- PROVIDED RECORDS -
• • •
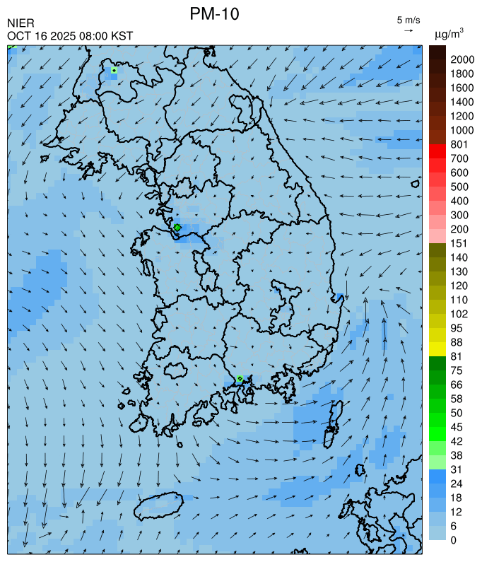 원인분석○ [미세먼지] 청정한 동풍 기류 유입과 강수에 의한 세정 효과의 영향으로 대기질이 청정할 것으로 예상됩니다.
• • •
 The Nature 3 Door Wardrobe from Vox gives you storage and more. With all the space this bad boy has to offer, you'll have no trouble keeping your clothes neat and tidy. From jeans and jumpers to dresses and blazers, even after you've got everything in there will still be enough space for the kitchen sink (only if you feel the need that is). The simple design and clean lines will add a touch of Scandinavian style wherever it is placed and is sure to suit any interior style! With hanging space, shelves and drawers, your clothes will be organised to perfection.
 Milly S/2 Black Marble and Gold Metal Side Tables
• • •
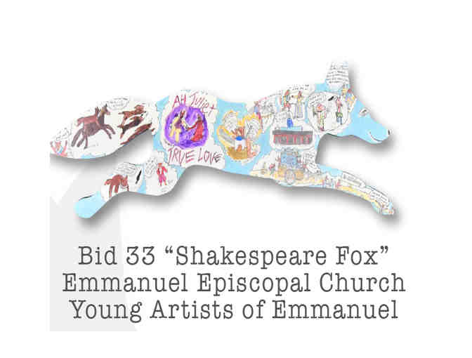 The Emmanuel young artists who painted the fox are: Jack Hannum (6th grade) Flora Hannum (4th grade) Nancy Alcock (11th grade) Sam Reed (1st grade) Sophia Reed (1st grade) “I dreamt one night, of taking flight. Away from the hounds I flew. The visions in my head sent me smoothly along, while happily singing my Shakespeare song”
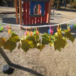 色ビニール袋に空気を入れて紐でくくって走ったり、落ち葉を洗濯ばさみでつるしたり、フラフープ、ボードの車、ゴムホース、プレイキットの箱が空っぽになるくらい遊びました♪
• • •
- PROBLEM DESCRIPTION -
Using the entries above, reproduce word for word only the lines from the one that contains "The Emmanuel young" to the one that contains "色ビニール袋に空気を入れて紐", both ends included, and drop every picture.

- YOUR RESPONSE -
 The Emmanuel young artists who painted the fox are: Jack Hannum (6th grade) Flora Hannum (4th grade) Nancy Alcock (11th grade) Sam Reed (1st grade) Sophia Reed (1st grade) “I dreamt one night, of taking flight. Away from the hounds I flew. The visions in my head sent me smoothly along, while happily singing my Shakespeare song”
 色ビニール袋に空気を入れて紐でくくって走ったり、落ち葉を洗濯ばさみでつるしたり、フラフープ、ボードの車、ゴムホース、プレイキットの箱が空っぽになるくらい遊びました♪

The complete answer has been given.